_Task directions:_ Within the entries that follow, show each line where the word "komik" occurs.

Entries taken from a collection
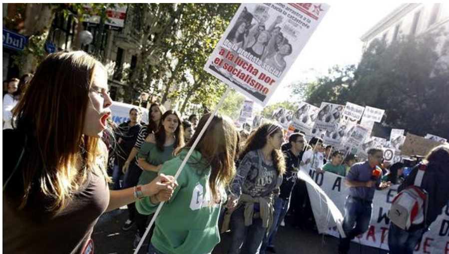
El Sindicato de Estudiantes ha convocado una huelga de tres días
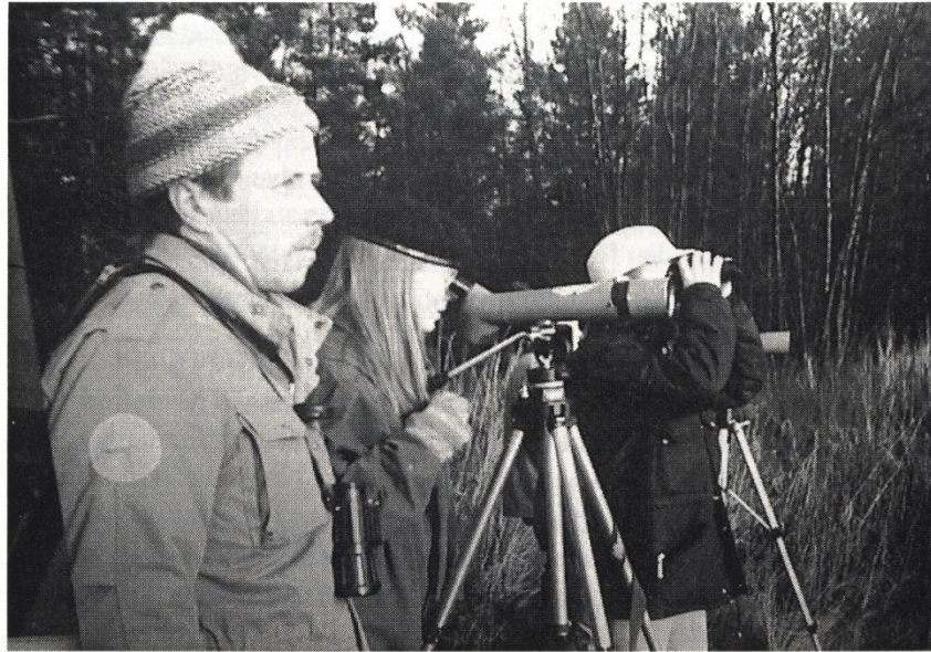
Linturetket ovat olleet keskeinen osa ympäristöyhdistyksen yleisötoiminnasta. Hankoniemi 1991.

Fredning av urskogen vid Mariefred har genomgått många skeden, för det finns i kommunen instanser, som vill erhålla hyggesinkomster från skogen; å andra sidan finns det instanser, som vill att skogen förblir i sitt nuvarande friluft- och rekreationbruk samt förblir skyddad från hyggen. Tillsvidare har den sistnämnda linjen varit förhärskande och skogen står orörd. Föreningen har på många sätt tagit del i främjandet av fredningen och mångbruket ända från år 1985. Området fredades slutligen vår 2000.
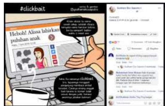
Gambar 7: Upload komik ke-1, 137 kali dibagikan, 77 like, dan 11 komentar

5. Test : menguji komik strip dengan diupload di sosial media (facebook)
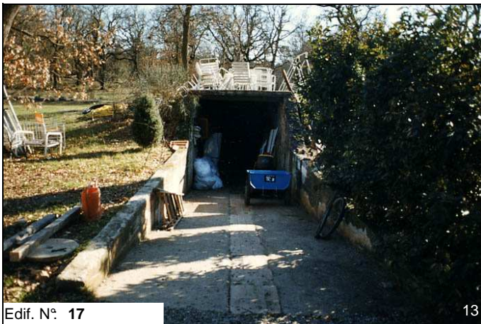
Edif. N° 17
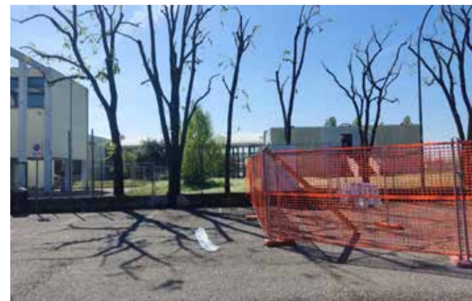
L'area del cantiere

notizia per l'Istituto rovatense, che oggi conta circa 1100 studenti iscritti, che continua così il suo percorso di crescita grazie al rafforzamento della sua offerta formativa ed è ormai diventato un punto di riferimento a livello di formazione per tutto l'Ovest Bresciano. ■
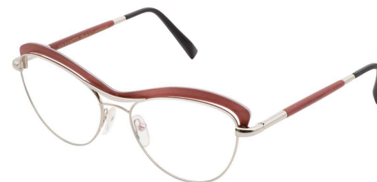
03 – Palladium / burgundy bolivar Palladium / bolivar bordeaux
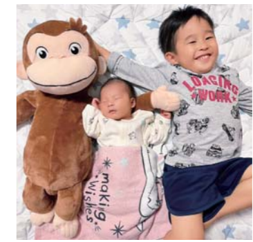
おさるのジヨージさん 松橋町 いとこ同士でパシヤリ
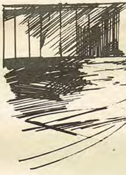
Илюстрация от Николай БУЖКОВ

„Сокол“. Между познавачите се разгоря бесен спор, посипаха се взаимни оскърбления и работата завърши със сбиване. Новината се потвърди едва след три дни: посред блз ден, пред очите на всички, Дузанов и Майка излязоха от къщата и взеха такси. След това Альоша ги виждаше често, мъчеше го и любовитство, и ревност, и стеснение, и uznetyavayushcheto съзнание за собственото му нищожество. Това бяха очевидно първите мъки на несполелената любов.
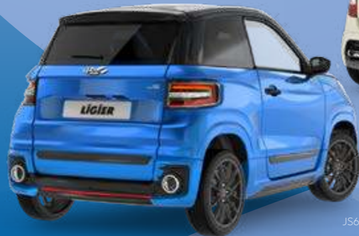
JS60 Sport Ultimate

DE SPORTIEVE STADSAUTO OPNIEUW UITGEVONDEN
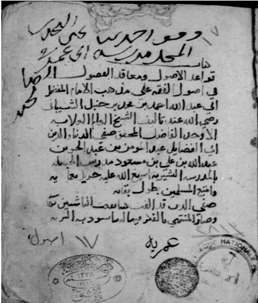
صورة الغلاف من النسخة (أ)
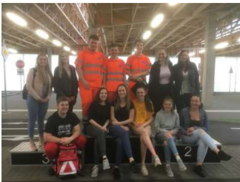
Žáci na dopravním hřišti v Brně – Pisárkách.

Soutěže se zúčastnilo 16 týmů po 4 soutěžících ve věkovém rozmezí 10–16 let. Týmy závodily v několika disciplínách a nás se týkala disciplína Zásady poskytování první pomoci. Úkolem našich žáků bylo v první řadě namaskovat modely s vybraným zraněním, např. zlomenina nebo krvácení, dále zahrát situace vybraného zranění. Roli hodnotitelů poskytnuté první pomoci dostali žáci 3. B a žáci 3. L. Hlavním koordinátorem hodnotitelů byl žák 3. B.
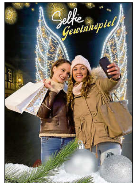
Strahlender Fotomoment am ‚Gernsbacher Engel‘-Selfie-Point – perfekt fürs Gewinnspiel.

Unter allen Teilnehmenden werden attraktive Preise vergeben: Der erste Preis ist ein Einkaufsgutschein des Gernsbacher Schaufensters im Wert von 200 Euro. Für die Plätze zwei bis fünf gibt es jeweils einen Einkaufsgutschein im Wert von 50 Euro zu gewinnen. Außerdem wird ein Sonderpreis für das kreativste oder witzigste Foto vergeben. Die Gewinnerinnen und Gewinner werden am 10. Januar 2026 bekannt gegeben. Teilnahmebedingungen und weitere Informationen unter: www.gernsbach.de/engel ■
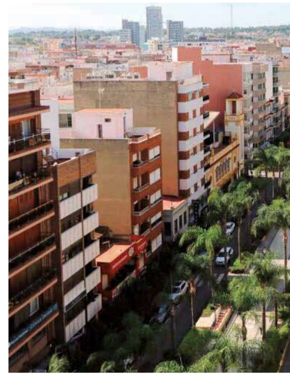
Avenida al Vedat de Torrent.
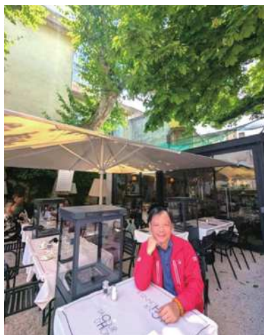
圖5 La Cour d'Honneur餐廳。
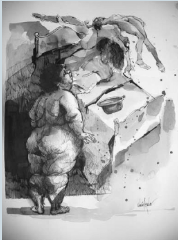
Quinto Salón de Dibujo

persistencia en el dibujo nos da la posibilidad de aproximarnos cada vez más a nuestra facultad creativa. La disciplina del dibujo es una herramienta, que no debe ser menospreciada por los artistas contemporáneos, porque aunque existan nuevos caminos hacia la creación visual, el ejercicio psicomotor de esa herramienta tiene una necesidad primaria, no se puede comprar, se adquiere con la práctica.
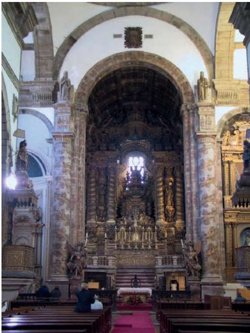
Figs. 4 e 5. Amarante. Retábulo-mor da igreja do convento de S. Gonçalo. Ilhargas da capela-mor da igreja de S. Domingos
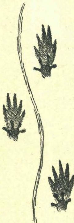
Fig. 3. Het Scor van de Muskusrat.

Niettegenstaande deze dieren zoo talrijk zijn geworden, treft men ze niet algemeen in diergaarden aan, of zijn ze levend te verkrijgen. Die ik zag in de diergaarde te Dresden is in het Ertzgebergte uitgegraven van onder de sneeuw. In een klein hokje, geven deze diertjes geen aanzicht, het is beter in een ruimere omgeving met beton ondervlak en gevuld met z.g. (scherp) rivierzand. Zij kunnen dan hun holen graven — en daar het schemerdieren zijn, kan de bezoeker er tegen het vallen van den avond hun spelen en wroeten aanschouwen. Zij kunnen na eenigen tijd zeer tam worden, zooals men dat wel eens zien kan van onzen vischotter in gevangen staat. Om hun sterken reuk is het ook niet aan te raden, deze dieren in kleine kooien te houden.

---

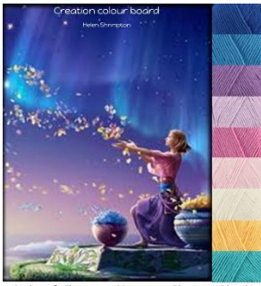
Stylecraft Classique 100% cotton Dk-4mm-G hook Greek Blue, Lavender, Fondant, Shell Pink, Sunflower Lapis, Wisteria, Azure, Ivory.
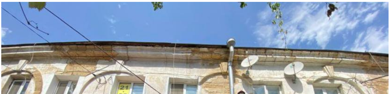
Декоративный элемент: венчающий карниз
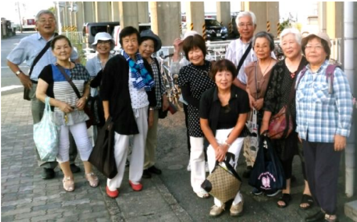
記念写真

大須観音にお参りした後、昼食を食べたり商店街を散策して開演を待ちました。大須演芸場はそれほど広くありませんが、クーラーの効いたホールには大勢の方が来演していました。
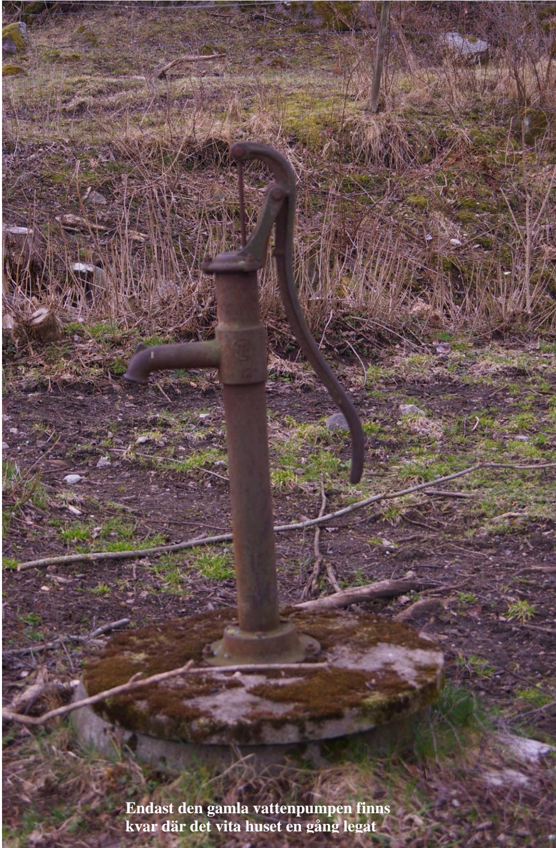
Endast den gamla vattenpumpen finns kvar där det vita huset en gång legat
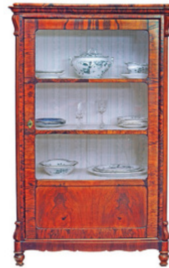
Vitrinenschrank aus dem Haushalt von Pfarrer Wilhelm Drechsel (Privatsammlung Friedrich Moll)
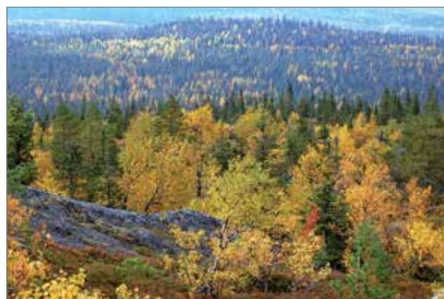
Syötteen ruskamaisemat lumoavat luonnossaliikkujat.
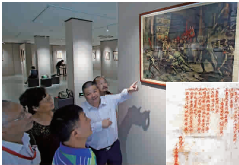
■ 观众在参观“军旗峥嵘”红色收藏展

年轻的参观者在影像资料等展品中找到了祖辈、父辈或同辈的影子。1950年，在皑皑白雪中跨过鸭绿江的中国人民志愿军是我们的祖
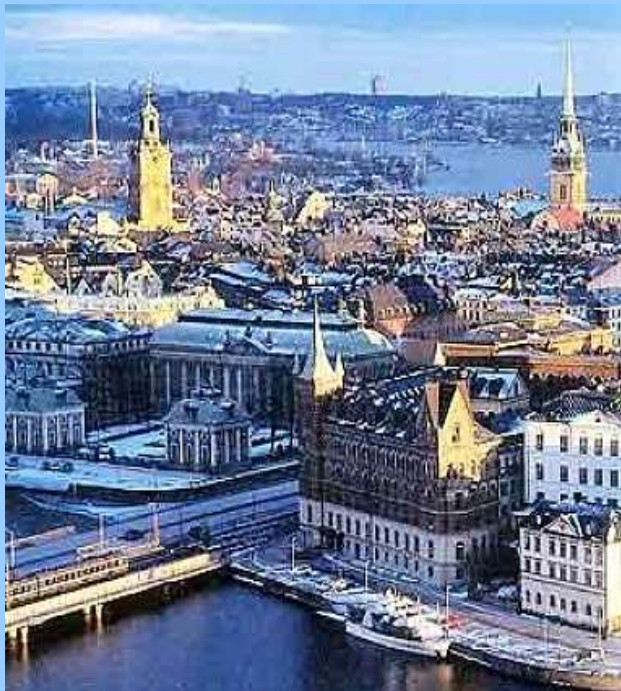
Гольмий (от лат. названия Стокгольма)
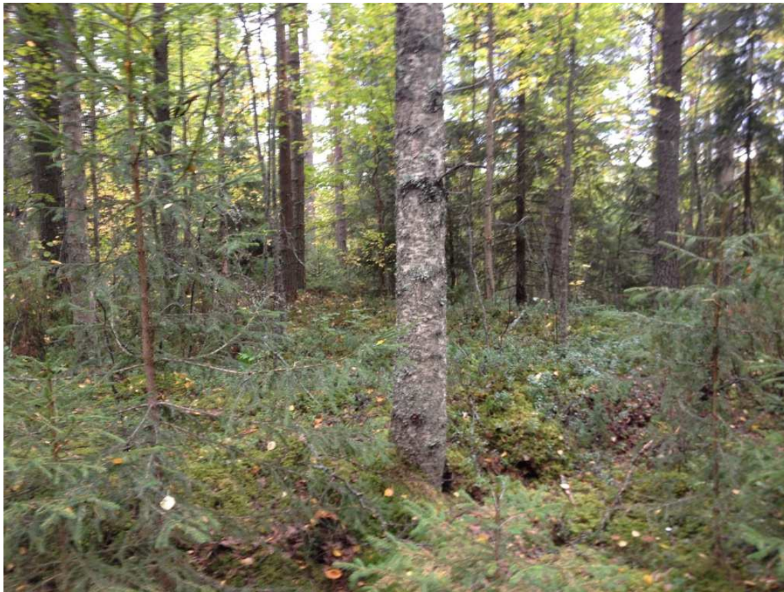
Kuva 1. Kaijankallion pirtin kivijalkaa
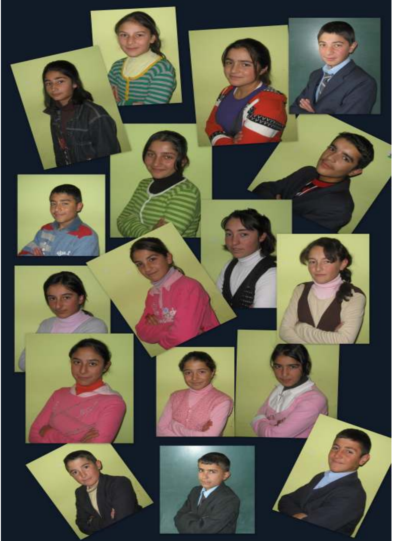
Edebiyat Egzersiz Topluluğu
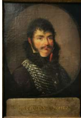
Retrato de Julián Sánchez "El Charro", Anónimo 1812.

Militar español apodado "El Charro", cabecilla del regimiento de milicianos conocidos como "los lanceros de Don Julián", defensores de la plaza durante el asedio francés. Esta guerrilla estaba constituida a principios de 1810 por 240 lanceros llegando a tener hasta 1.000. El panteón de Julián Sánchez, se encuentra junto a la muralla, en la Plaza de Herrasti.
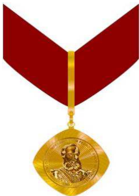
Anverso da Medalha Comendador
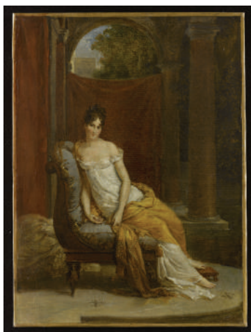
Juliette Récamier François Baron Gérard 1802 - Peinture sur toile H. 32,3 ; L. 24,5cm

...

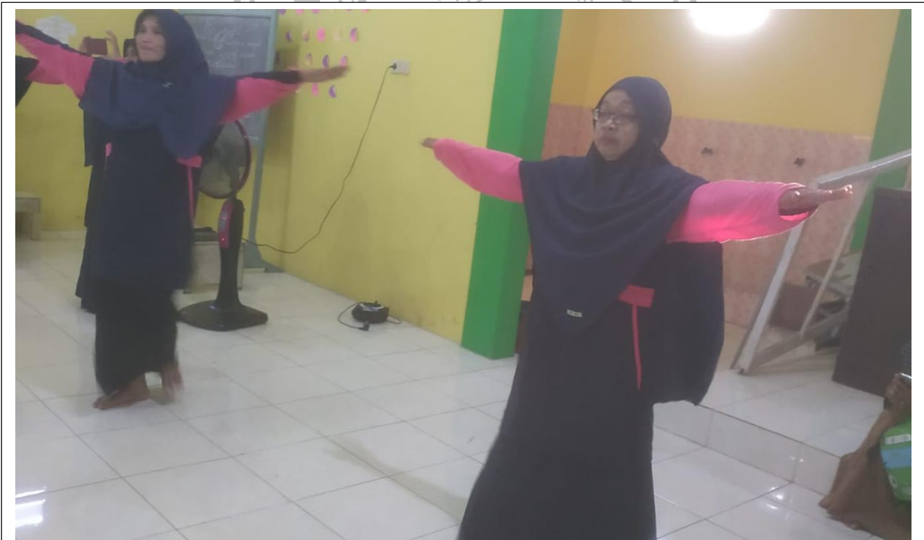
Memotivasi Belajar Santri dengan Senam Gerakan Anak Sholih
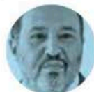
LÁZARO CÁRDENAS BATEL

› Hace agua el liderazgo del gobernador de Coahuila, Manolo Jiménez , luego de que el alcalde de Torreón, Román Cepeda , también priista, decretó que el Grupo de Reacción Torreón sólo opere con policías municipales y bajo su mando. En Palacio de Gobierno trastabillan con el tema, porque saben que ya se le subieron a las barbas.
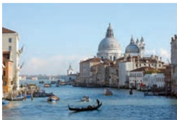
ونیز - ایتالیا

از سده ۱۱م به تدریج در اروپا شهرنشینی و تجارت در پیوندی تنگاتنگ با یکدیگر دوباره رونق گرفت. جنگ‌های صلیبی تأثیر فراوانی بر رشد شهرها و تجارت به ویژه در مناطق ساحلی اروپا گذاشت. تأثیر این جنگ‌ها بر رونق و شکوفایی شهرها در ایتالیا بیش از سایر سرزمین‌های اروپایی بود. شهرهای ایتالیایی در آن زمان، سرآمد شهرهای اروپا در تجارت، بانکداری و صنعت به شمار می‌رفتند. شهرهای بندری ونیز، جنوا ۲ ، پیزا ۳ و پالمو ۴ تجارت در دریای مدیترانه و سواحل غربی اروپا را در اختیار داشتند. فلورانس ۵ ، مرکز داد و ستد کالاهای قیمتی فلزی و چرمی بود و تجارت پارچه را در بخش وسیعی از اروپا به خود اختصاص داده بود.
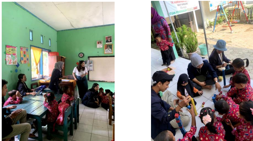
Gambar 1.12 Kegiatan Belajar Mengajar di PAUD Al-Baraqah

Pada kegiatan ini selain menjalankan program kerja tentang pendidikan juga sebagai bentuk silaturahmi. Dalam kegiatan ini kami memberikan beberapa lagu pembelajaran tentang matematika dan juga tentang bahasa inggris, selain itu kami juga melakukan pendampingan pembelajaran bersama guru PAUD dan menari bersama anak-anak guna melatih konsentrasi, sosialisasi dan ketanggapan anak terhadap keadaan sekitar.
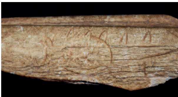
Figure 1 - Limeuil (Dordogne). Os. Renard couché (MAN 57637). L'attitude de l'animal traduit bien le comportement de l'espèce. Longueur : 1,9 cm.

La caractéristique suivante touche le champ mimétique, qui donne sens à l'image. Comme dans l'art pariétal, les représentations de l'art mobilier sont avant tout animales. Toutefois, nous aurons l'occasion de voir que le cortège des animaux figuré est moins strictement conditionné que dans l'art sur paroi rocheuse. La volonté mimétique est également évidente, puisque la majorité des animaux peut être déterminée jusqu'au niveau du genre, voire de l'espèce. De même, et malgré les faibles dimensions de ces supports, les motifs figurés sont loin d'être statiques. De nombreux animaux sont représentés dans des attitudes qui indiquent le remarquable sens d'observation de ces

_Solution:_
Gambar 7: Upload komik ke-1, 137 kali dibagikan, 77 like, dan 11 komentar
5. Test : menguji komik strip dengan diupload di sosial media (facebook)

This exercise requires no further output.